A Tale of Two Trailers

I thought that I had a pretty good grasp about film American Honey, which opens this weekend, because I’d seen its trailer several times over the past couple months. After all, it’s directed by Andrea Arnold, a director I very much admire for Red Road and Fish Tank, two superb and VERY unsettling movies with female protagonists. American Honey won the Jury prize at Cannes and has been favored by critics who’ve seen it (unlike me). But THEN I saw a more recent promo for the film and was jarred by the contrast. Both the trailer and the promo are from the distributor A24. I’m showing them to you in the reverse order that I saw them. Watch them both and see what YOU think.

Here’s the promo. Seems to me like it’s about a party-heavy, teen adventure road movie. A lark.

Now here’s the trailer that I had seen first. Seems like a searingly realistic movie about alienated and unsupported teen runaways, dabbling in all sorts of scams and and illegality, with lots of risky (and very dangerous) behaviors. Seems more edgy and even disturbing to me.

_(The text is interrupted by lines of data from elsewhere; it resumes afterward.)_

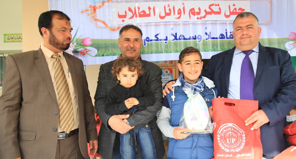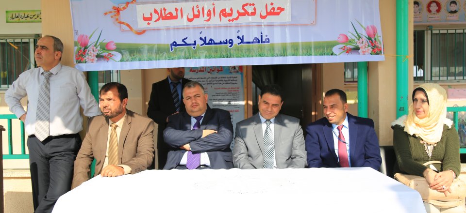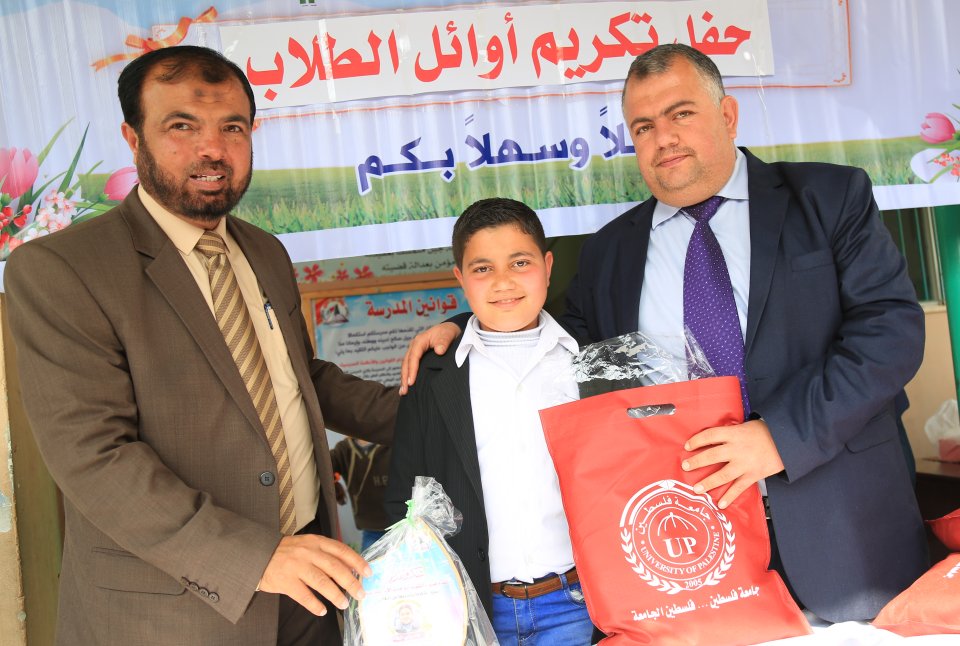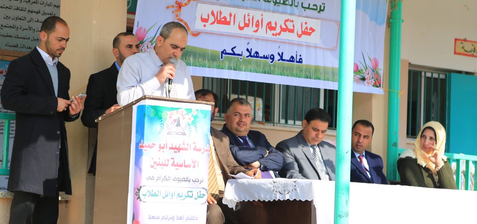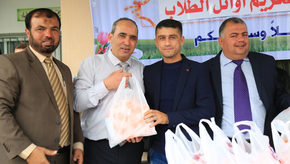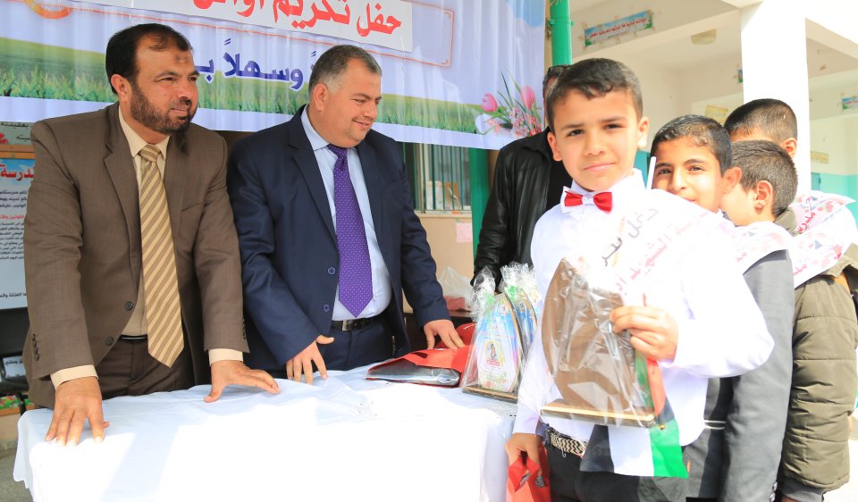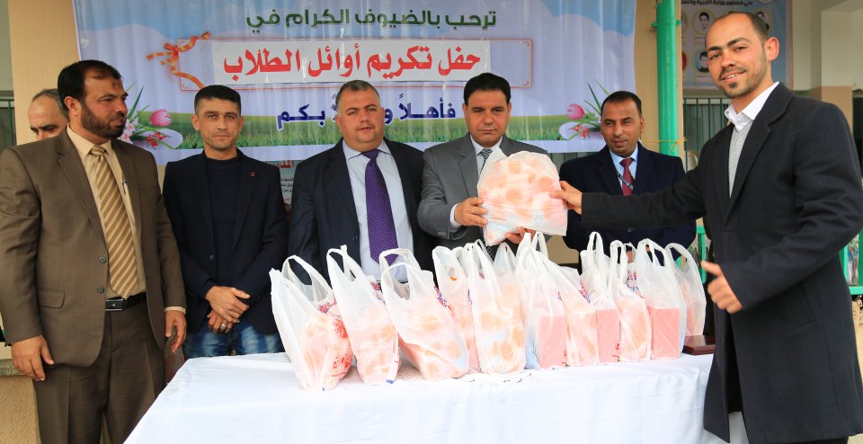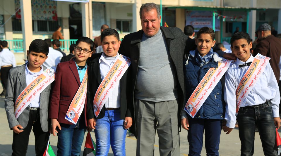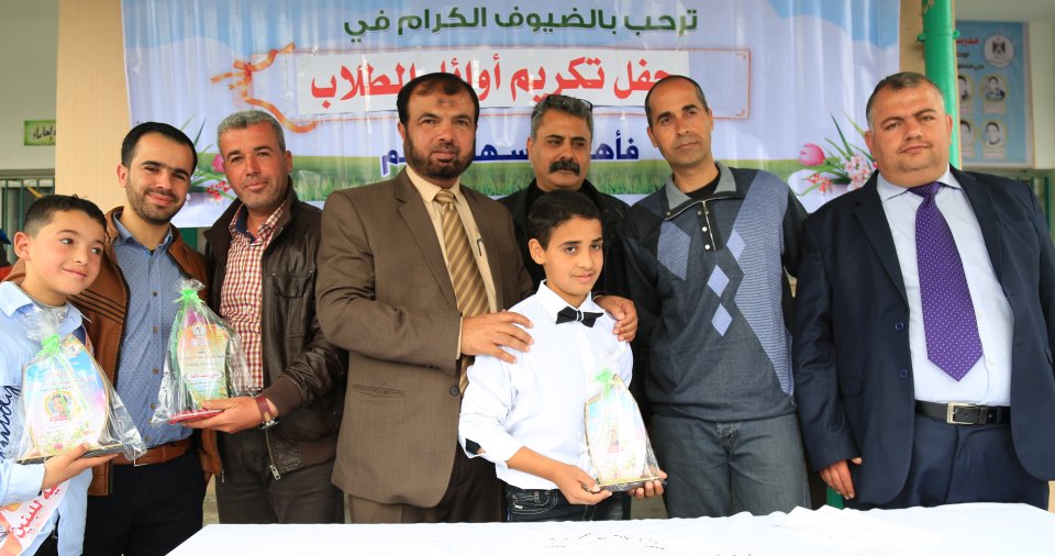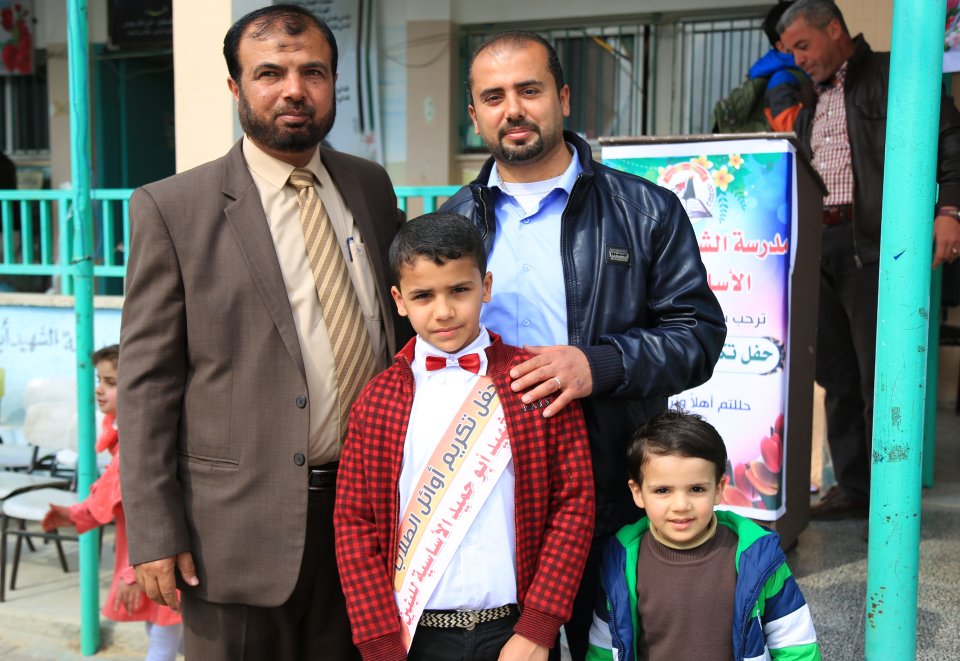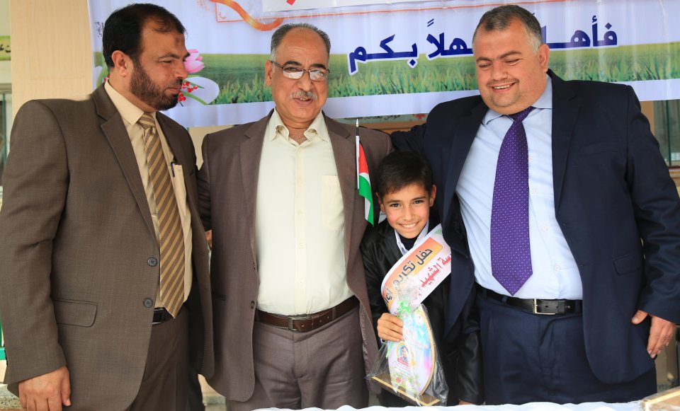 رجل الاعمال محمد نايف الأغا، أ. محمد زارع الاسطل، أ.مجدي أبوموسي (مدير المدرسة)، أ. حسام محمد الأغا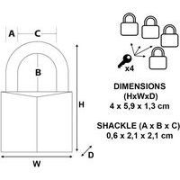 | Productnaam | Hangslot set aluminium 40 mm, Lengte: 32 mm, Aantal sleutels: 4, Beugel Ø: 6 mm, Hoogte: 21 mm |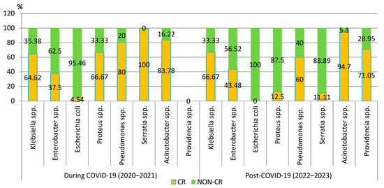 The percentage of CR Klebsiella spp., Acinetobacter spp., and Enterobacter spp. strains increased in the post-COVID-19 period, but the difference was not significant. The percentage of the CR Proteus spp. strains significantly decreased (p = 0.01).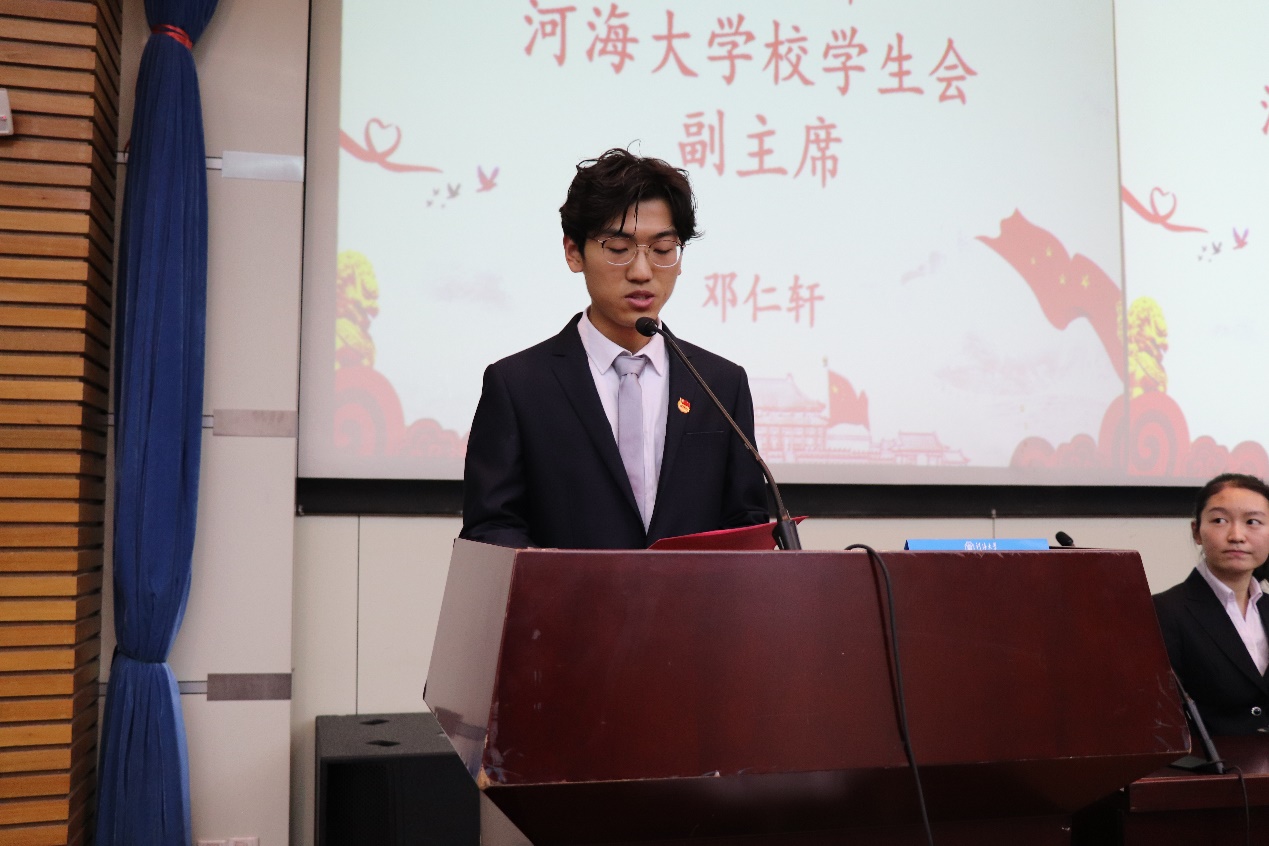 在接下来的学生代表致辞环节,校学生会常任代表邓仁轩同学和校学生科协副主席岳楠同学为开幕式致辞,他们回顾了成人电影 过去一年中在举办讲座、参加校运会以及其他工作中的优秀表现和取得的优异成绩,并引用习近平主席对青年一代的期盼,提出对第九届学生会和科协主席团的希望。

One of these (I suspect the promo) is going to end up on my list of Most Misleading Trailers.

Anyway, by all reports it’s another fine film from Arnold, and I’m looking forward to the entire 2 hours and 41 minutes.

Why I already hate Conviction

It’s common that a movie trailer will turn me off from seeing a film that I suspect is bad. But sometimes a trailer makes me think that it’s a pretty good movie that I don’t want to see, either. That’s the case with Conviction, the story of a young woman whose brother is convicted of murder; over 18 years, she gets her GED, her college and law degrees and begins a legal struggle to clear him and rescue him from Death Row.  It’s an Oscar vehicle for Hilary Swank, who plays the sister, and what appears to be another fine performance by Sam Rockwell, who plays the brother.  It’s based on the true story of one Betty Anne Waters.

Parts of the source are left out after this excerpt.